We are committed to investing in the business in order to improve client service and support and ensure our staff are properly equipped to do their jobs within a good working environment. This in itself will improve efficiencies and deliver value to our shareholders.

We have spent the first six months of this period upgrading our IT network. This work is almost complete and has enhanced data capacity and speed to all locations whilst at the same time generating future cost savings. Our Employee Benefits business has invested considerably in replacing its workplace platform which when complete will deliver a single, easy to use portal that is fully personalised to clients' individual requirements. We are also investing in a new sales proposition to develop protection insurance for both businesses and individuals.

 

Core Business Performance

 

Insurance Brokers

Insurance broking is the largest element of the Jelf Group, accounting for 70% of total revenue (2014: 68%). Our insurance broking business primarily provides advice on products and services to the UK SME and corporate sectors, and related individual clients.

Revenues increased by 13.5% to £30.5m (2014: £26.8m), of this increase 3.6% was from organic growth. EBITDAE increased by 18.2% to £5.3m (2014: £4.4m). All of the exceptional acquisition costs of £0.6m relate to the insurance business. 

Insurance premiums continue to remain flat in terms of rate but the improving economy is generating increases where businesses are expanding and increasing their covers. The focus on client retention has seen lapse rates fall which, allied with greater new business success, has driven the organic increase in revenues but competition for new client mandates remains strong.

Employee Benefits

Employee Benefits accounts for 22% of Jelf Group total revenue (2014: 23%). The Employee Benefits business comprises a range of services including Healthcare, Group Risk and Corporate Pensions and supplies these services to both the corporate and UK SME sectors. Revenues increased by 6.4% to £9.8m (2014: £9.2m) and all of this growth was organic as there were no acquisitions. EBITDAE increased by 27.2% to £1.7m (2014: £1.4m) the increase being driven by all elements.

The Healthcare part of the Employee Benefits business provides advice on health related benefits such as private medical insurance. It has experienced improved client retention rates in the period which in turn has driven growth. We also have a team providing highly specialist advice in the complex area of International healthcare. This is an expanding area for Jelf experiencing strong organic growth through retaining clients and obtaining new client mandates.

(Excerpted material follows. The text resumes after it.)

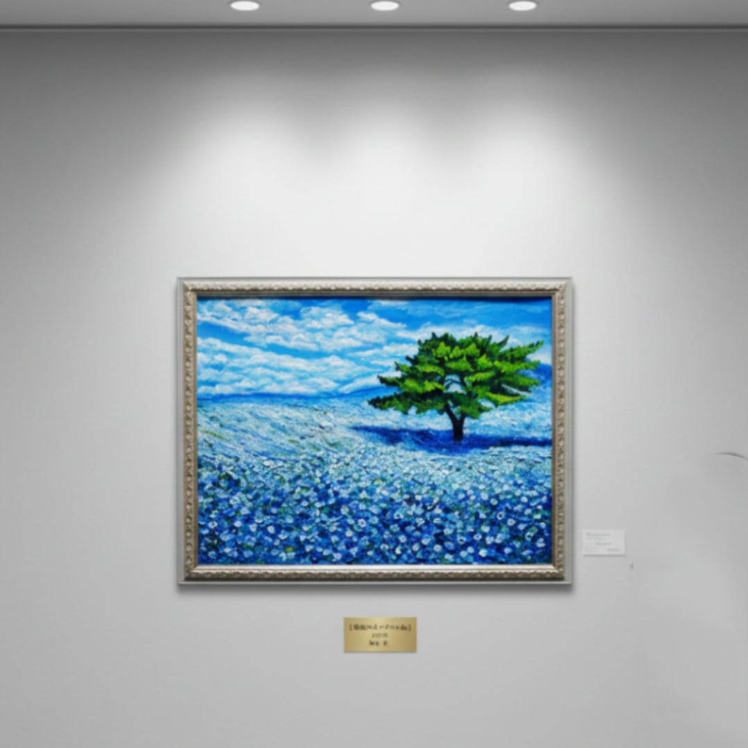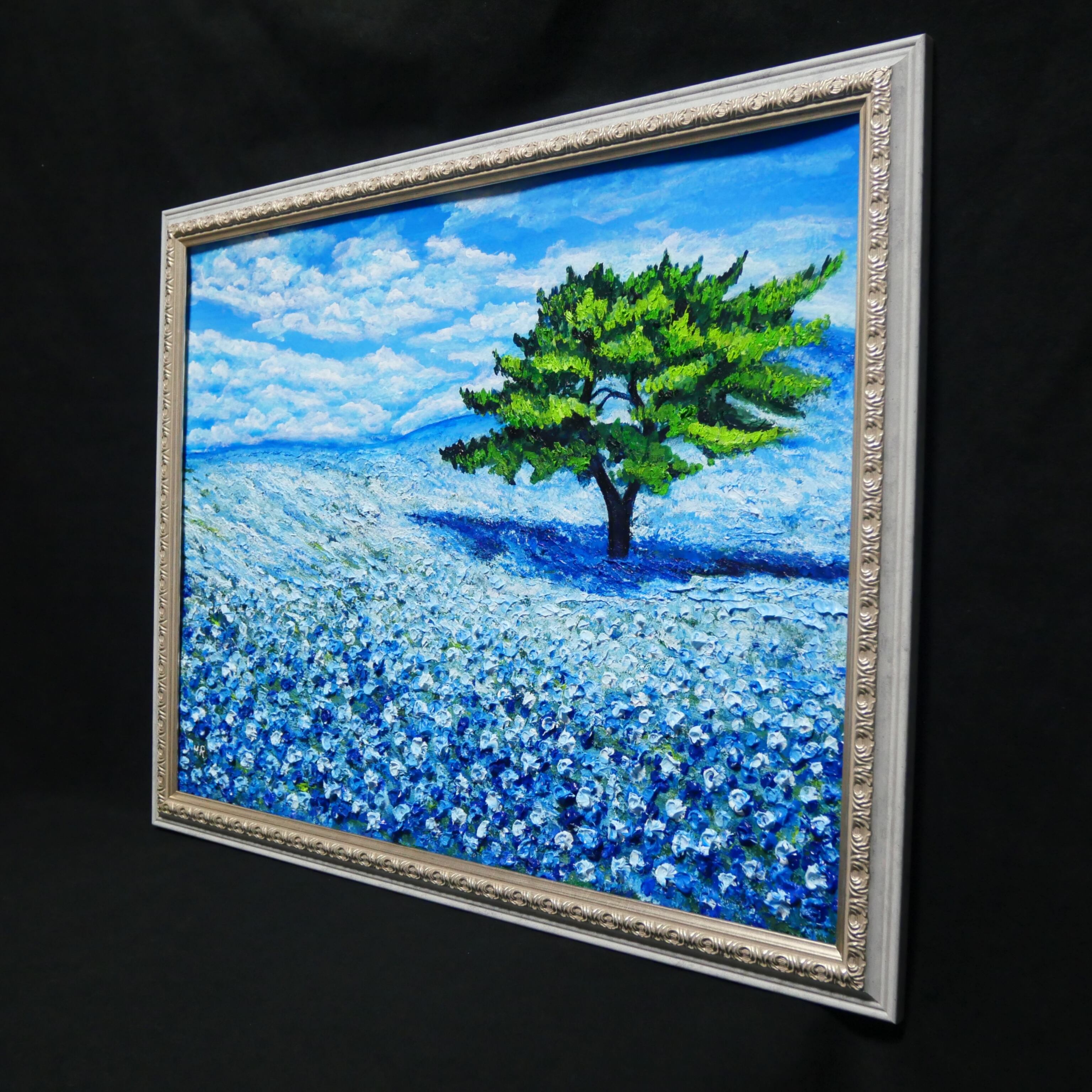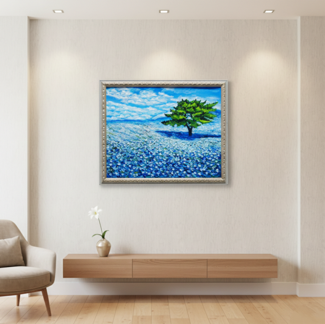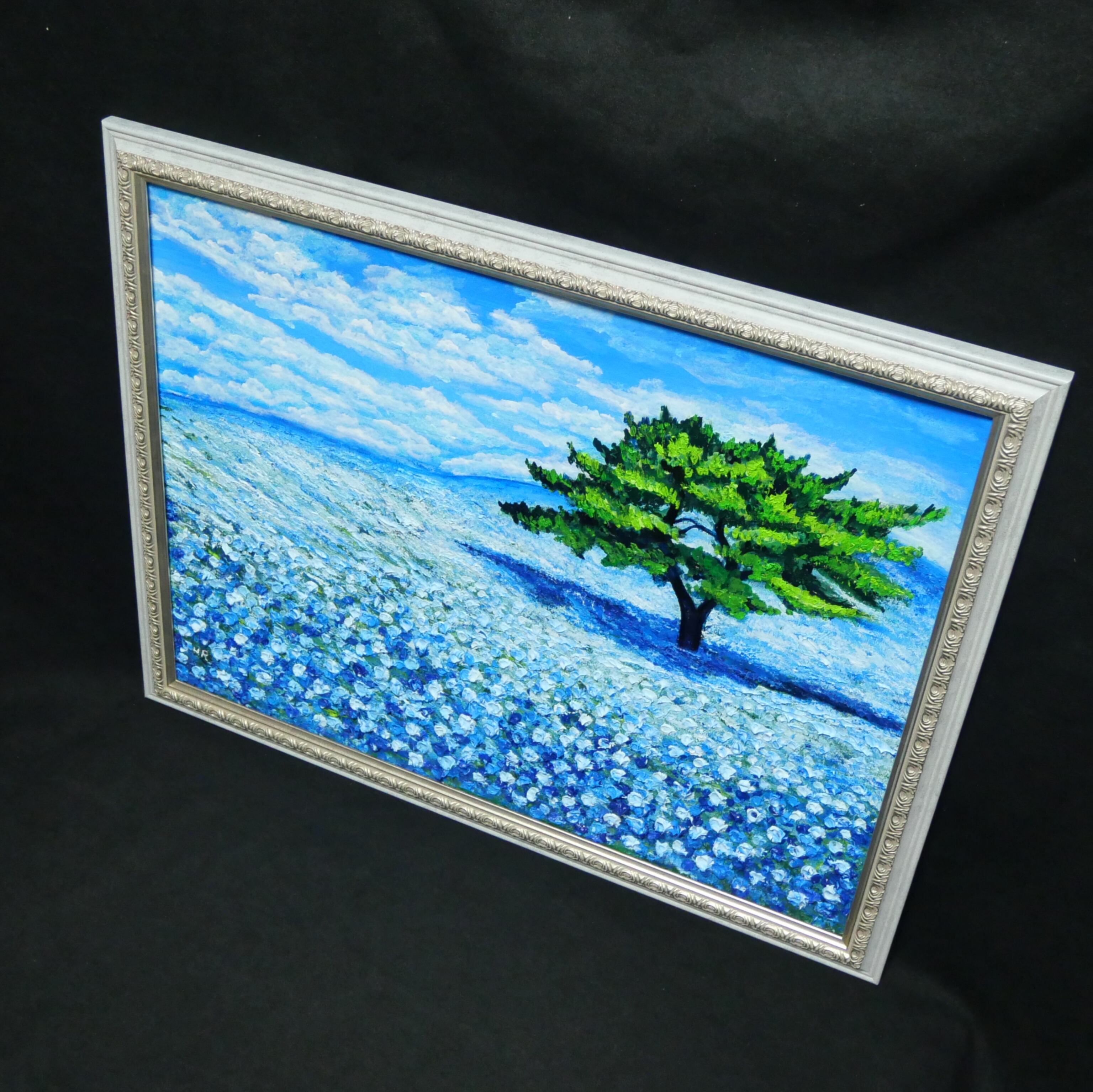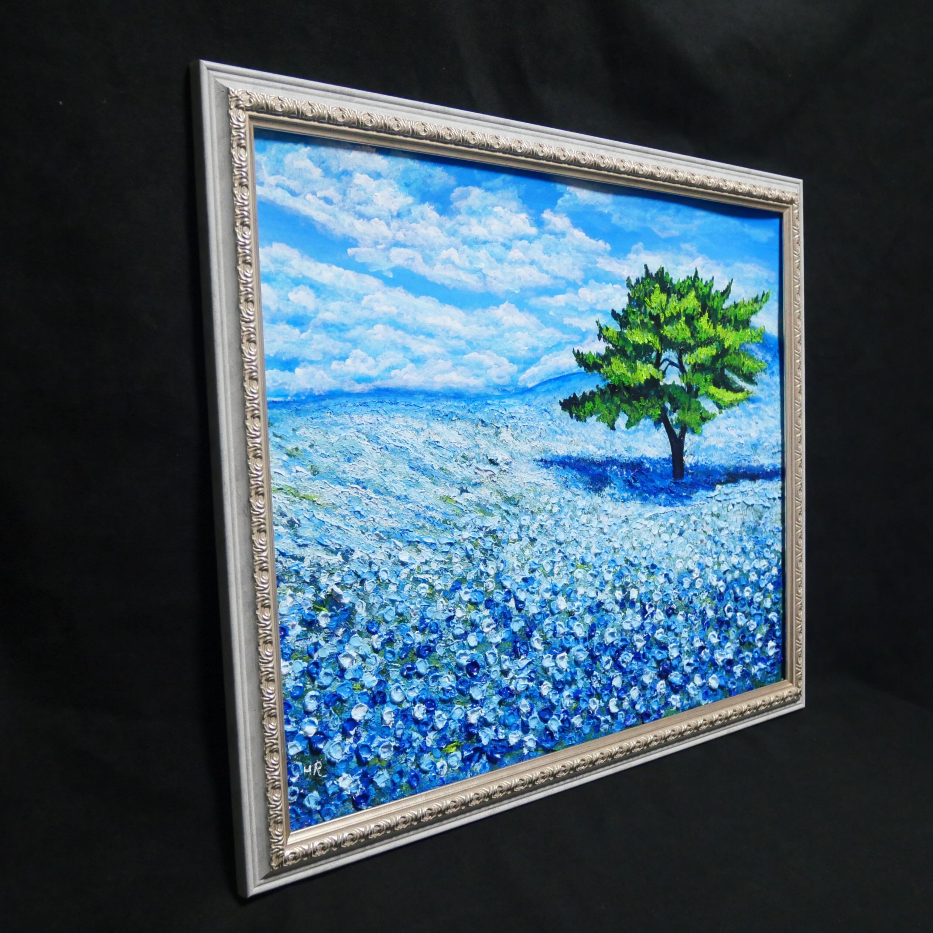 「青空のネモフィラの丘」は、一面に広がる鮮やかなネモフィラの青い花畑と、空高く伸びる一本の緑豊かな木、そして爽やかな青空と白い雲が見事に調和した風景を描いた特別な油絵作品です。サイズは横50.9cm×縦39.2cmで、自然の温もりと命の輝きが感じられる、心に深い癒しをもたらす作品となっています。

The Pensions and Group Risk part of the business provides advice in respect of employee benefit design, benefit communication and implementation. This area has continued to see strong demand for advice on auto-enrolment plus financial education which will help to offset the impact of the industry switch from commissions to fees.

Financial Planning

Financial Planning accounts for 8% of Jelf Group total revenue (2014: 9%). Jelf Financial Planning provides a full range of financial planning services to owner-managed businesses and other medium/high net worth individuals. Revenues showed a 3.5% increase to £3.4m (2014: £3.3m) but EBITDAE increased 167% to £299k (2014: £112k). We have a total Assets under Advice mandate for over £1bn and of this £632m (2014: £575m) are with our preferred platforms. 'Pension Freedom' will create opportunities as people look to understand the greater flexibility which will increase the need for high quality, professional advice on pre and post-retirement planning.

Our Employees

We currently employ 1,200 people with a Male to Female ratio of 45:55 and offer a comprehensive employee benefits package that allows staff to flex salary against other benefits. We make every effort to communicate to our staff through roadshows, blogs and use of our intranet.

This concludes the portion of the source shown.